あれこれ考えるうちに、上司の側で、「まあ、どうしても辞めるというなら仕方がないか」という覚悟が決まることが多い。憂鬱な週末を過ごす上司は少々気の毒だが、2日間で心の整理が進んでいるはずだ。辞める側としては、月曜日に晴れやかな表情で「やっぱり辞めます!」と言うといい。

 なお、自分の直属の上司を飛び越えて、上司の上司、あるいは人事部などに先に退職の意思を伝えるのは、よほどの場合を除いてやめた方がいい。直属の上司の顔をつぶす行為は、多くの場合やり過ぎだし、余計だ。引き継ぎ等がスムーズにいかなくなる可能性もある。

退職をするときに
「持ち出せるもの、持ち出せないもの」

 1990年代くらいまでの、情報が紙ベースで管理されていた時代には、転職が決まっているがまだ退職の意思を告げていない社員が、遅くまで残業して名刺のファイルや顧客リストなどを密かにコピーする姿が見られることがあった。特に営業マンの場合は、名刺ファイルが「命の次に大事な飯の種」的な重要性を帯びることがあったが、外資系企業の一部では、個人の名刺ファイルであっても「それは業務上、手に入れたものなので会社の財産だ」という扱いをされることがあった。

 上司の部屋で退職の意志を告げると、その場でIDカードを没収されて自席に戻ることを許されず、荷物は会社側が整理して後日宅配便で届く、というようなギスギスした会社もある。

 近年では、顧客や取引先のリストなどは会社のデータベースに入っているだろうが、重要なデータのダウンロードは追跡できるようになっていることが多い。また、紙のコピーのような場合でも監視カメラが作動している場合もあるので、退職直前のデータ持ち出しはやらない方がいいと申し上げておく。
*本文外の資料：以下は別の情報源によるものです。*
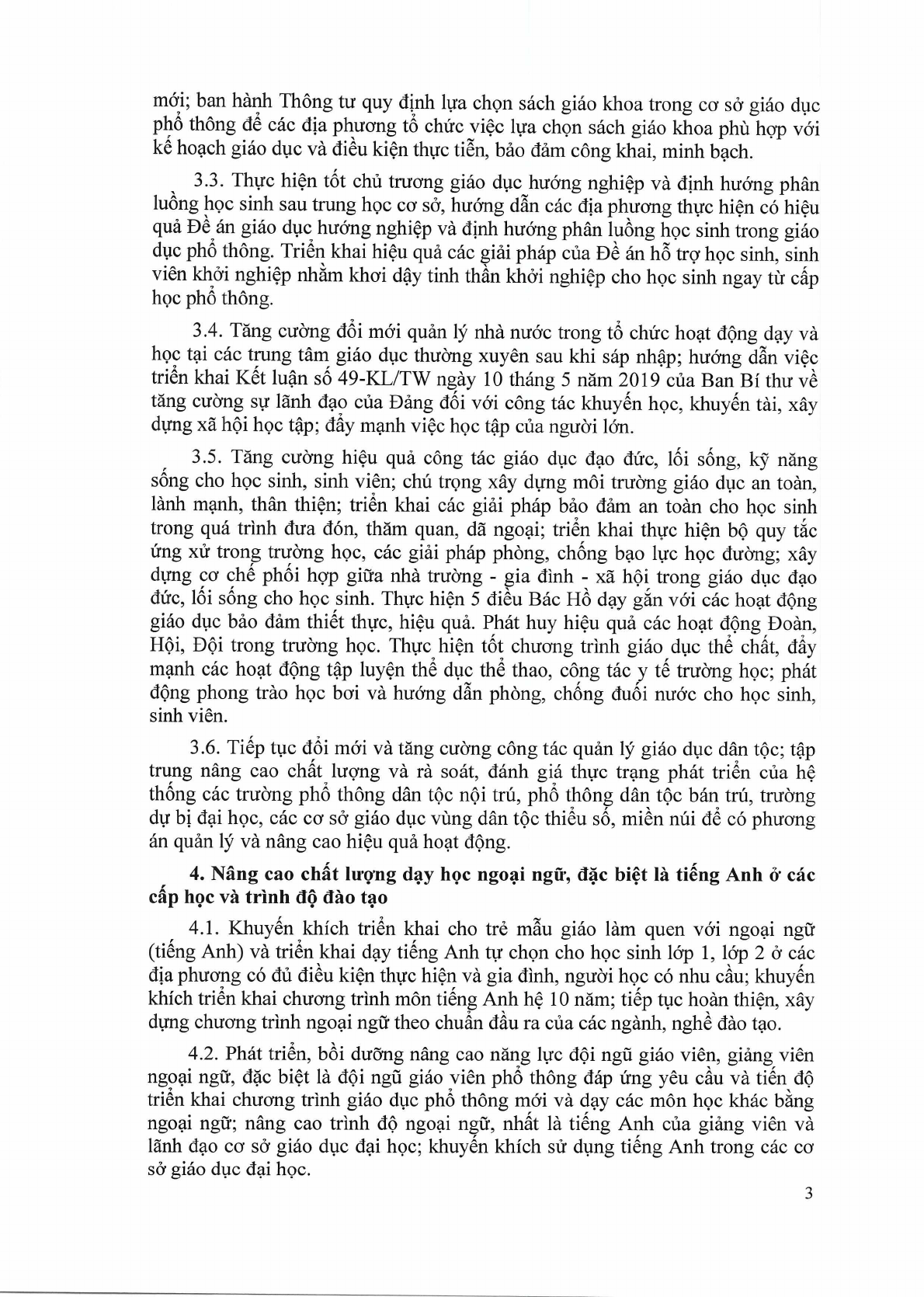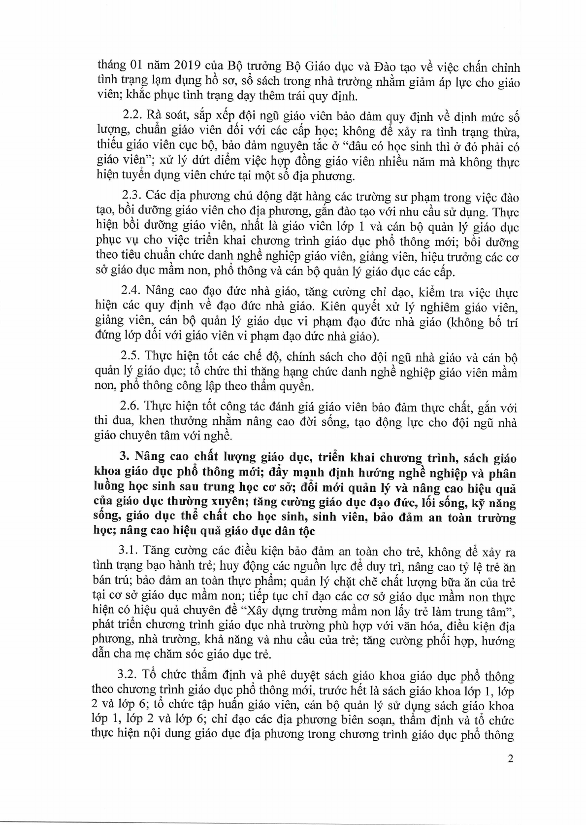 Bên cạnh đó, Bộ cũng yêu cầu các đơn vị, cơ sở nâng cao chất lượng giáo dục, triển khai chương trình, sách giáo khoa mới, đẩy mạnh định hướng nghề nghiệp và phân luồng học sinh sau trung học cơ sở; Nâng cao chất lượng dạy học ngoại ngữ ở các cấp học và trình độ đào tạo; Đẩy mạnh ứng dụng công nghệ thông tin trong quản lý giáo dục…
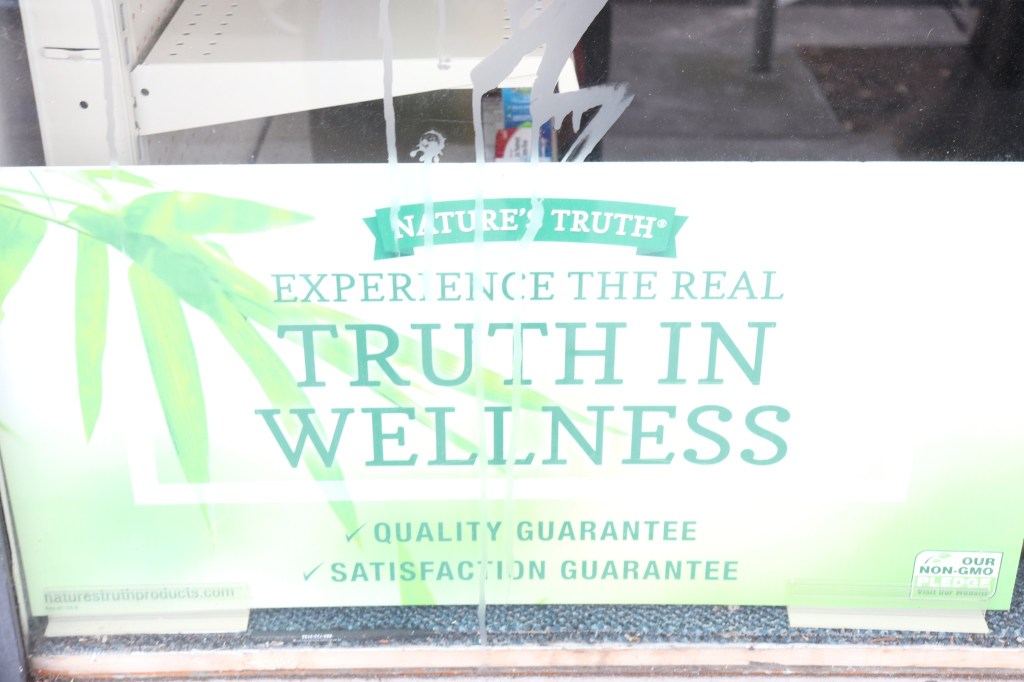 Truth in Wellness ad from “Nature’s Truth” brand in San Francisco store, August 2022 Image • September 2, 2022 • zontaphotos Share this: Share on X (Opens in new window) X Share on Facebook (Opens in new window) Facebook Share on LinkedIn (Opens in new window) LinkedIn Like Loading... Related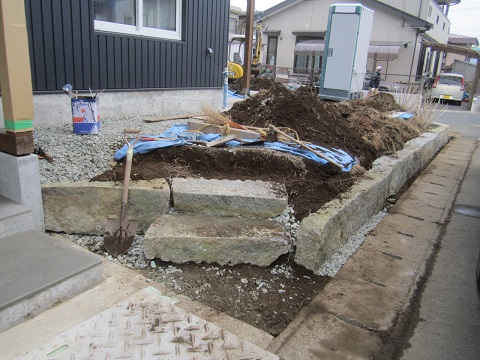 月が丘の新築工事では敷地の周囲にこの石を並べて木を植える植栽工事を提案させていただきましたので、私の発案創作の庭造りとなります。昨日も書きましたが、昔はこうした段取り仕事は私自身が自分でおこなっていたものです。でも半身麻痺となってしまった現在は、頭で考えたことを、簡単なスケッチにしてはたらいてくれる皆に渡して、代わりに体を動かしてもらうしかないのです。スケッチ図には、作業方法や人員に作業手順、そしてなんらかの配管があるとか道路養生などの注意事項までも書き込んで、頭に浮かんだ事柄全てを表現して伝えています。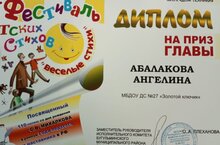 Поздравляем Абалакову Ангелину, призера и воспитанницу старшей группы №1,принявшую участие в городском Фестивале детских Стихов «Веселые стихи», посвященном 110-летию со дня рождения С. В. Михалкова в рамках «Года педагога и наставника» в РФ. Желаем дальнейших побед!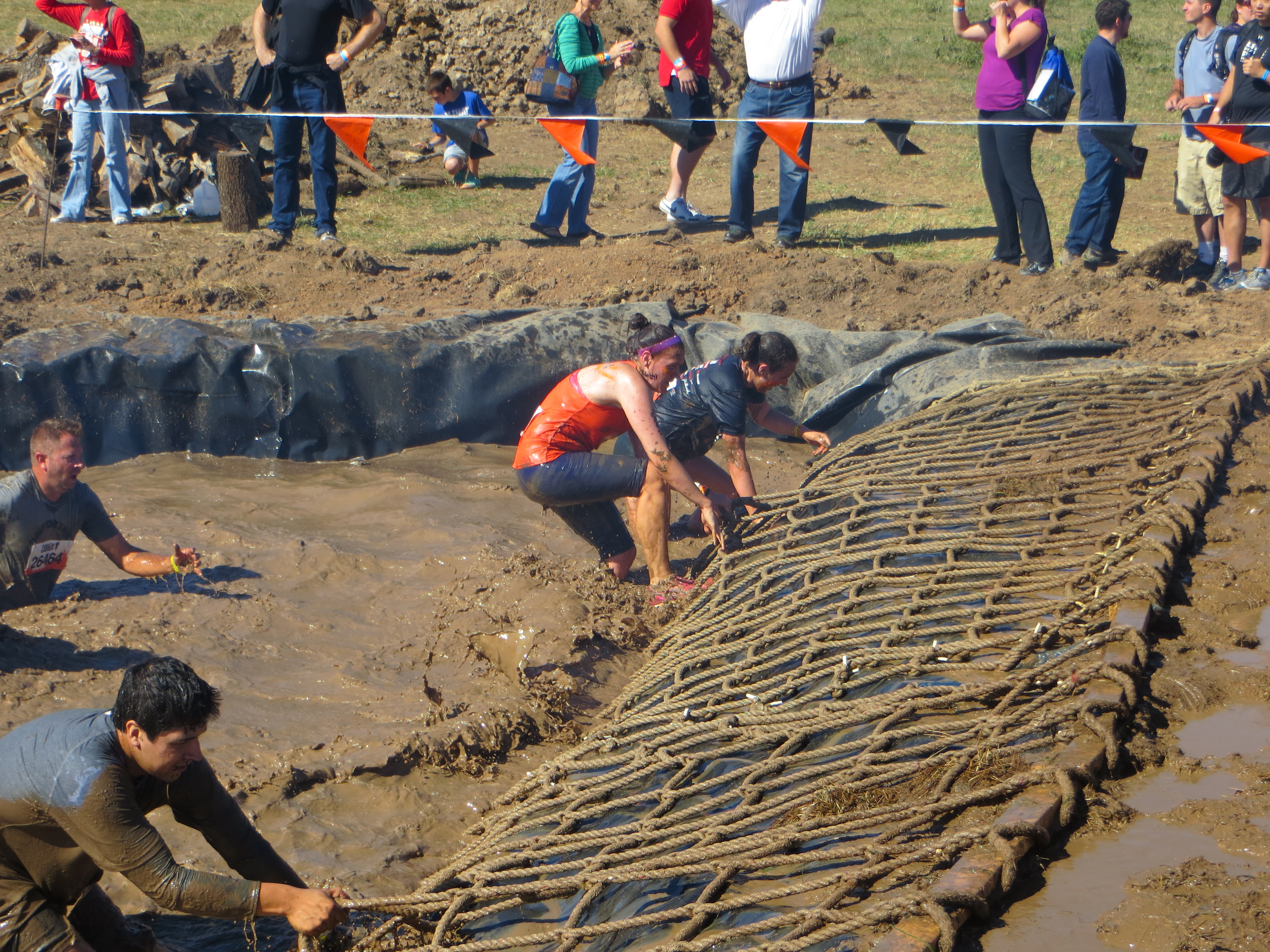 Our next obstacle was a mystery obstacle, which involved climbing over a mud hill and jumping over fire into a pit, and then pulling ourselves out with a cargo net.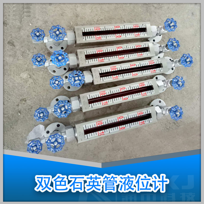 UGS石英管雙色液位計(以下簡稱彩色液位計)是彩用國內(nèi)外新技術(shù)研制而成。它是利用自然光在液體中折、反射原理,借助于紅、綠片,在測量時,使液相顯示綠色,氣相顯示為紅色。由于液氣相顯示反差大,指示鮮明清晰,所以對遠(yuǎn)距離操作和夜巡視更為有利。如果帶LED光源則顯示會更清晰。因此被**用于石油、化工、電力、冶金等行業(yè)的各種透明液體容器和鍋爐上,如水、汽油、液化氣、液氨、丙烷、丙烯、芳烴、酸等油品和化工原料的液位測量。同時對于兩種不同介質(zhì)密度的界面測量,可選用三色界面石英管液位計。三色界面石英管液位計是利用浮力與比重差的原理而設(shè)計的,石英管中的小浮子懸浮于兩種介質(zhì)的分界部分,由于浮子呈黑色,上下部分液體顏色有異,所以顯示醒目。從而解決了一直困擾在石油化工生產(chǎn)過程中兩種混合介質(zhì)界面分辨不清的難題。它是目前國內(nèi)外理想的直讀式液位計。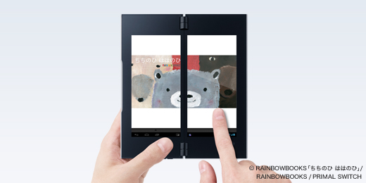 2つのディスプレイを折りたためば、コンパクトで持ち運びがスムーズ。片手でもラクに持てるので、電車の中での読書も快適です。縦持ちにして、指でページをめくりながら、紙の本のような感覚で読めます。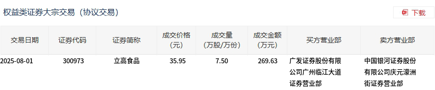 8月1日,立高食品大宗交易成交7.5万股,成交额269.63万元,占当日总成交额的2.91%,成交价35.95元,较市场收盘价44.11元折价18.5%。

 仕事上必要なデータや連絡先、自分の仕事のデータや書類(自分の「作品」的な書類や研究のデータ)などは日頃から手元に持っておくべきで、退職を決めてからごそごそ持ち出すべきではない。

 また、これまでの職場で使っていて便利だったマニュアルのようなものについても、持ち出しは我慢しよう。もちろんデータ持ち出しを疑われないことが大事だからなのだが、筆者の経験では、昔の会社の書類はあまり役に立たないことが多かった。「自分の頭の中に入っていて、いつでも使える知識のみが自分の実力なのだ」と割り切って、身軽に転職する方がいい。

 もちろん、ギスギスしていないフレンドリーな職場に勤めている場合は、周囲の協力を仰いで退職の準備をするといい。辞める側も単に仕事を引き継ぐだけでなく、同僚の相談に乗るなど大いに親切にして、残った日々を惜しむといい。

 なお、退職の前にオフィスの庶務を担当している人物や、親しい後輩などに親切にしておくと、退職後に届いた郵便物等を転送してくれたり、連絡してきた人に転職後の連絡先を伝えてくれたりする場合があるので、覚えておこう。